FIGS. 6A to 6D are sectional views showing a third forming method of an electrode structure body according to an embodiment of the present invention;

FIG. 7 is a schematic view showing a sectional appearance of the external connection electrode of the electrode structure body according to an embodiment of the present invention;

FIG. 8 is a sectional view showing an example in which the electrode structure body according to the embodiment of the present invention is applied to the external connection electrode of a semiconductor device having a CSP structure;

FIGS. 9A and 9B are sectional views showing a state in which the semiconductor device in FIG. 8 is connected to the mounting substrate;

FIG. 10 is a sectional view showing an example in which the electrode structure body according to the embodiment of the present invention is applied to the external connection electrode of an interposer;

FIGS. 11A and 11B are sectional views showing a state in which the semiconductor device in FIG. 10 is connected to the mounting substrate;

FIGS. 12A and 12B are sectional views showing an example in which the electrode structure body according to the embodiment of the present invention is applied to the external connection electrode of a mounting substrate; and

FIG. 13 is a sectional view showing an example in which the electrode structure body according to the embodiment of the present invention is applied to the external connection electrode of a semiconductor chip.

DETAILED DESCRIPTION OF THE PREFERRED EMBODIMENTS

An embodiment of the present invention will be explained with reference to the accompanying drawings hereinafter.

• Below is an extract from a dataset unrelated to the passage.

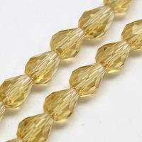 Стеклянная граненая бусина - капелька, размер 8*12 мм. Цвет тёмно-жёлтый, оттенок может отличаться от фотографии и в разных поставках. Низки формируются без проверки каждой бусины на дефекты. Цена за низку, около 55 бусин.
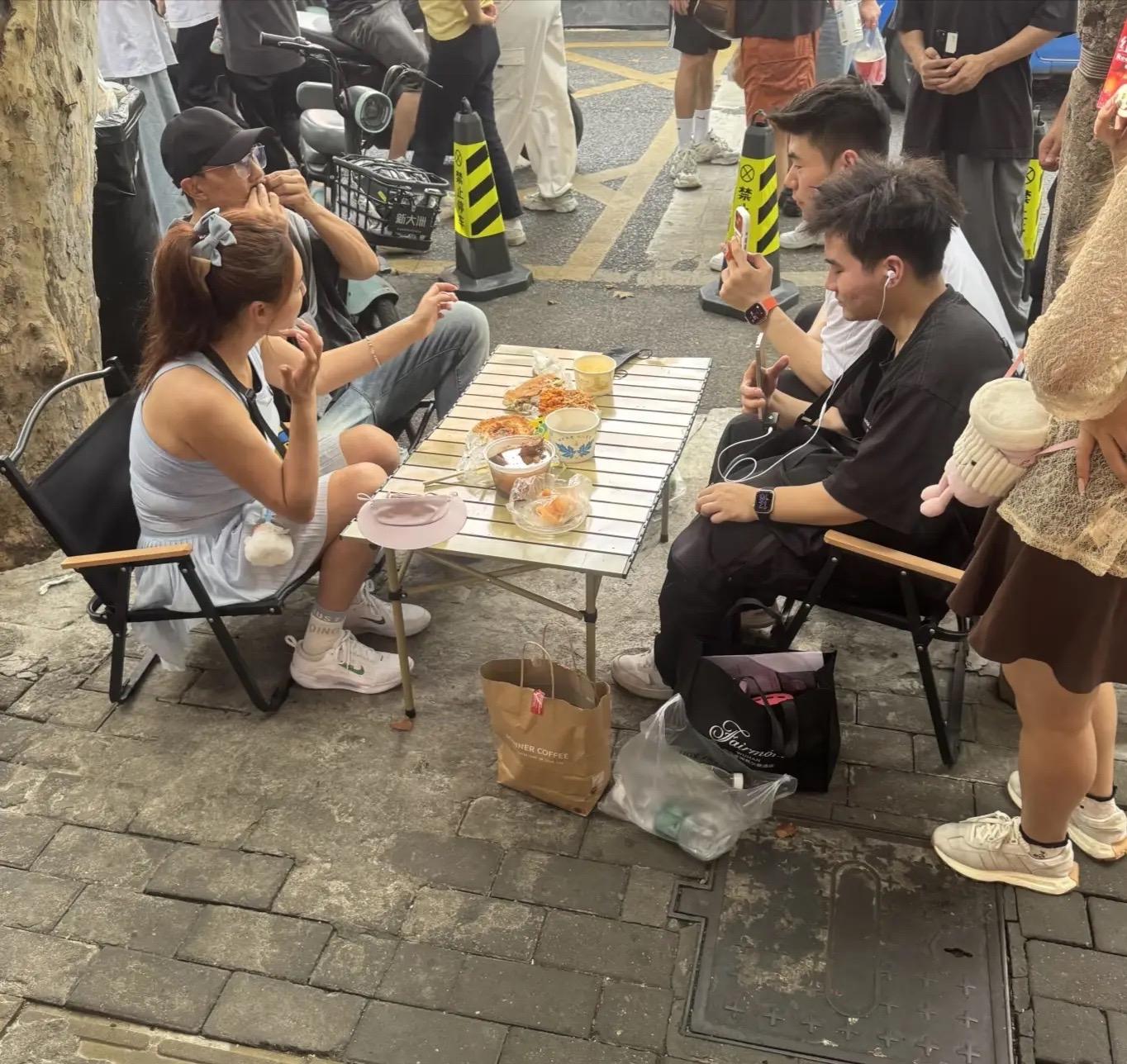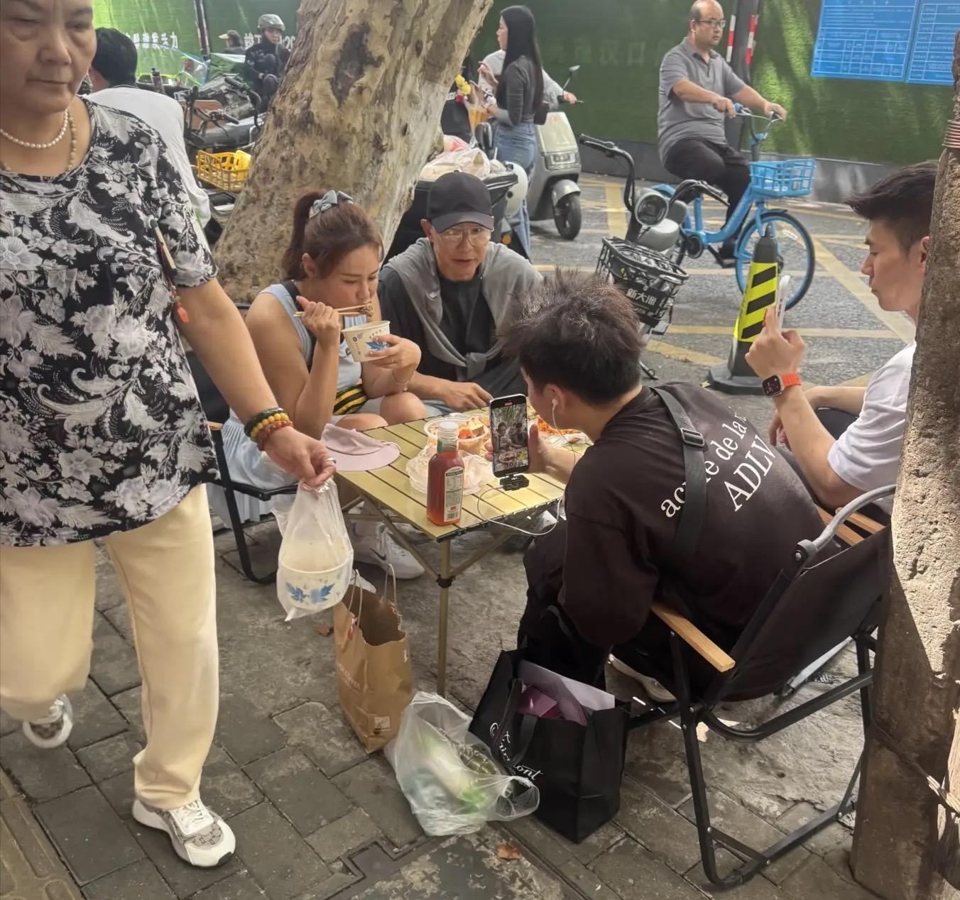 當天劉畊宏帶着幾個工作人員,坐在路邊小攤上喫麻辣燙,周圍來來往往的行人不斷。有眼尖的羊油,認出了貼着小鬍子的劉畊宏。

FIGS. 4A to 4E are sectional views showing a first forming method of an electrode structure body according to an embodiment of the present invention;

FIGS. 5A to 5D are sectional views showing a second forming method of the same electrode structure body, and FIGS. 6A to 6D are sectional views showing a third forming method of the same electrode structure body.

In the first forming method of the electrode structure body according to the present embodiment, as shown in FIG. 4A, first, copper (Cu) electrodes 14 (metal electrodes) acting as the connection electrodes are formed on a substrate 10. A multi-layered wiring (not shown) is provided in the substrate 10, and the Cu electrodes 14 are formed to be connected to the multi-layered wiring.

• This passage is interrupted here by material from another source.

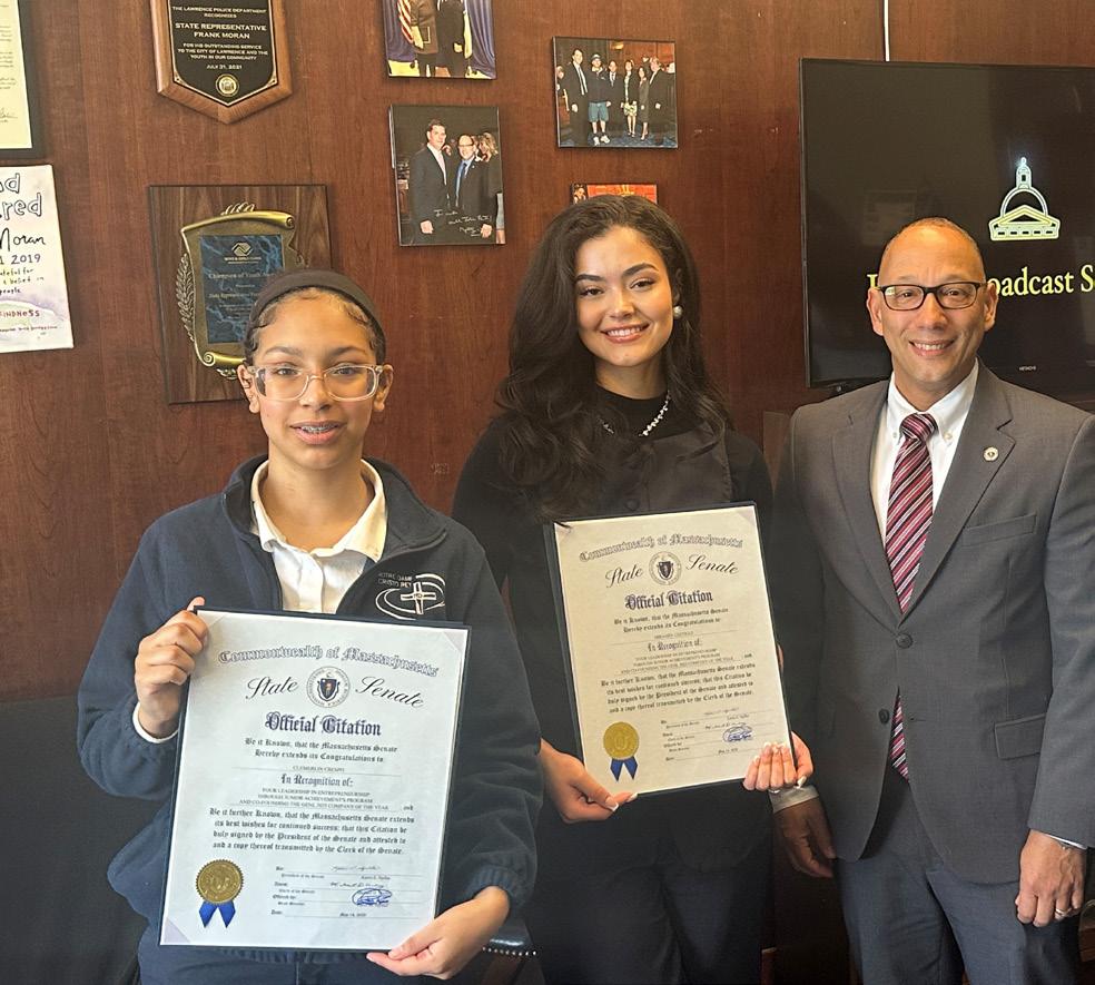 Over the 21-week program, students participated in our events such as the design thinking workshop, seed funding competition, entrepreneurial expo, and the annual JA of Greater Boston regional pitch competition. The student-run company, The Geni (hosted by Reading Cooperative Bank in Lawrence), won first place and the title JA of Greater Boston Company of the Year. Created by first-generation high school students from Lawrence, The Geni sold travel-sized magnetic accessories to keep bags off dirty floors and used all profits to fund a scholarship for firstgeneration students in their community. This is the first time a team from Lawrence has won our regional pitch competition. The students were even invited to and recognized at the State House by elected officials from the hometown of Lawrence.

As described later, as the substrate 10 of the present embodiment on which the Cu electrodes 14 are provided, not only the substrate on which only the wirings are provided but also the wiring portions of various electronic components such as the interposer of the semiconductor device having the CSP (Chip Size Package) structure, and the like may be employed.

Then, as shown in FIG. 4B, a nickel (Ni) layer 16 is formed on the Cu electrodes 14, and then a gold (Au) layer 18 is formed thereon. The Ni layer 16 and the Au layer 18 are formed selectively on the Cu electrodes 14 by the electroless plating or the electroplating.

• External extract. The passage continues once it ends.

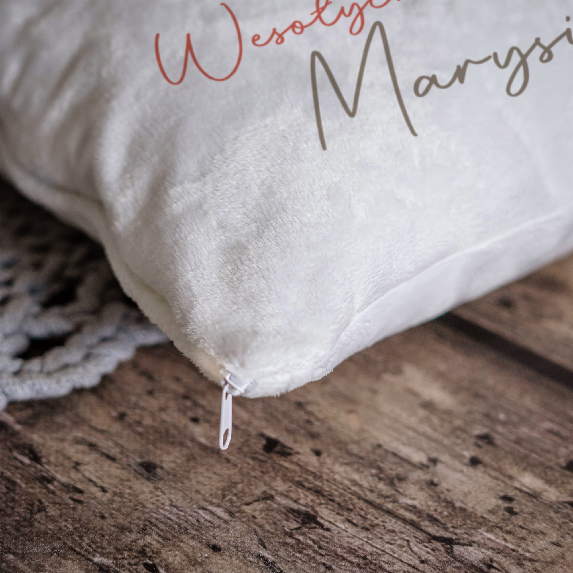 ⭐MIĘCIUTKA PLUSZOWA PODUSZKA Z KOLOROWYM ŚWIĄTECZNYM NADRUKIEM I Z IMIENIEM DZIECKA⭐

A film thickness of the Cu electrode 14 is set to 10 to 100 μm, a film thickness of the Ni layer 16 is set to about 3 μm, and a film thickness of the Au layer 18 is set to about 0.2 μm. The Ni layer 16 is provided to prevent a surface oxidation of the Cu electrode 14, and the Au layer 18 is provided to get an enough wetting of the solder layer formed thereon.

As a result, metal electrodes 20 constructed by forming the Cu electrode 14, the Ni layer 16, and the Au layer 18 in order from the bottom are obtained.

Then, as shown in FIG. 4C, a solder layer 30a is formed on the metal electrodes 20 by printing the solder paste by means of the screen printing. As the solder layer 30a, various solders containing a tin can be employed. As a preferred example of the solder layer 30a, a lead (Pd)-free tin/silver/copper (Sn/Ag/Cu) solder is employed.

Then, the solder layer 30a is reflow-heated at a temperature of about 250° C. Thus, as shown in FIG. 4D, the solder layer 30a is cured and solder bumps 30 having a height of 100 to 350 μm are obtained. At this time, Sn as a major component of the solder layer 30a and Ni of the Ni layer 16 are alloyed, and an SnNi alloy layer 19 is formed between the Ni layer 16 and the solder bump 30. Most of the Au layer 18 between the Ni layer 16 and the solder layer 30a is diffused into the solder bump 30 by the reflow heating, and the Au layer 18 substantially disappears.

Then, as shown in FIG. 4E, the SnNi alloy layers 19 are exposed by etching the solder bumps 30 by using the etchant (Enstrip TL: manufactured by Meltex Corporation). Thus, external connection electrodes 22 each composed of the Cu electrode 14, the Ni layer 16, and the SnNi alloy layer 19 are obtained. Then, the uppermost SnNi alloy layer 19 of the external connection electrode 22 acts as the joining surface. The external connection electrode 22 obtained by the first forming method is constructed by forming the SnNi alloy layer 19 (the solder alloy layer) on the Cu electrode 14 and the Ni layer 16 (the metal electrode).

Accordingly, a first electrode structure body 1 according to the present embodiment is obtained.

Unlike the present embodiment, when the solder bumps 30 are utilized as the external connection electrodes, various disadvantages are caused such that a thickness of the wiring substrate is increased, the electrical short-circuit between the solder bumps 30 occurs, a coplanarity worsens because respective heights of the solder bumps 30 are varied, and the like.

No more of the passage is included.